We've also found that some users simply want to use ChainForge to make tons of parametrized queries to LLMs (e.g., chaining prompt templates into prompt templates), possibly score them, and then output the results to a spreadsheet (Excel xlsx
). To do this, attach an Inspect node to the output of a Prompt node and click Export Data
.
For more specific details, see the User Guide.
The web version of ChainForge (https://chainforge.ai/play/) includes a Share button.
Simply click Share to generate a unique link for your flow and copy it to your clipboard:
For instance, here's a experiment I made that tries to get an LLM to reveal a secret key: https://chainforge.ai/play/?f=28puvwc788bog
Note To prevent abuse, you can only share up to 10 flows at a time, and each flow must be <5MB after compression. If you share more than 10 flows, the oldest link will break, so make sure to always Export important flows to
cforge
files, and use Share to only pass data ephemerally.
ChainForge was created by Ian Arawjo, a postdoctoral scholar in Harvard HCI's Glassman Lab with support from the Harvard HCI community, especially PhD student Priyan Vaithilingam.
This work was partially funded by the NSF grant IIS-2107391. Any opinions, findings, and conclusions or recommendations expressed in this material are those of the author(s) and do not necessarily reflect the views of the National Science Foundation.
We provide ongoing releases of this tool in the hopes that others find it useful for their projects.
Highest priority:
- Improved vis and inspect nodes: Better UX and more features, such as collapsing variable groups in response inspectors and more control over visualizations displayed in vis nodes beyond the default
Medium-to-low priority:
- LMQL and Microsoft guidance nodes: Support for prompt pipelines that involve LMQL and {{guidance}} code, esp. inspecting masked response variables.
- AI assistance for prompt engineering: Spur creative ideas and quickly iterate on variations of prompts through interaction with GPT4.
- Compare fine-tuned to base models: Beyond comparing between different models like Alpaca and ChatGPT, support comparison between versions of the same model (e.g., a base model and a fine-tuned one). Helper users detect where fine-tuning resulted in any 'breaking changes' elsewhere.
- Export to code: In the future, export prompt and (potentially) chains using a programming API like LangChain.
- Compare across response batches: Run an evaluator over all N responses generated for each prompt, to measure factors like variability or parseability (e.g., how many code outputs pass a basic smell test?)
- Collapse nodes: Nodes should be collapseable, to save screen space.
- Dark mode: A dark mode theme
See a feature you'd like that isn't here? Open an Issue.
ChainForge is meant to be general-purpose, and is not developed for a specific API or LLM back-end. Our ultimate goal is integration into other tools for the systematic evaluation and auditing of LLMs. We hope to help others who are developing prompt-analysis flows in LLMs, or otherwise auditing LLM outputs.
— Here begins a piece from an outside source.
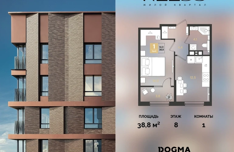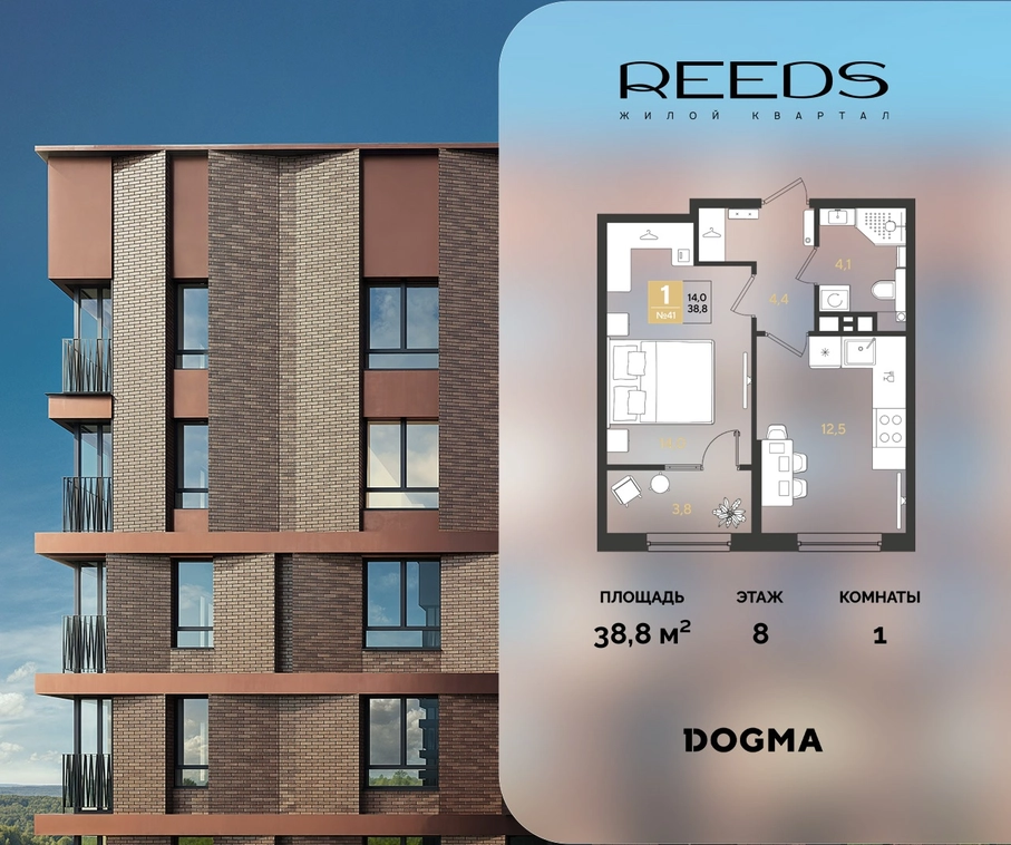 В продаже 1-комнатная квартира от застройщика DOGMA!ЖК REEDS, г. Краснодар, Литер 6

This project was inspired by own our use case, but also shares some comraderie with two related (closed-source) research projects, both led by Sherry Wu:
- "PromptChainer: Chaining Large Language Model Prompts through Visual Programming" (Wu et al., CHI ’22 LBW) Video
- "AI Chains: Transparent and Controllable Human-AI Interaction by Chaining Large Language Model Prompts" (Wu et al., CHI ’22)
Unlike these projects, we are focusing on supporting evaluation across prompts, prompt parameters, and models.
We are looking for open-source collaborators. The best way to collaborate, at the moment, is simply to implement the requested feature / bug fix and submit a Pull Request. If you want to report a bug or request a feature, open an Issue.
(If you are an investor or funder, send us a message via email.)
ChainForge is released under the MIT License.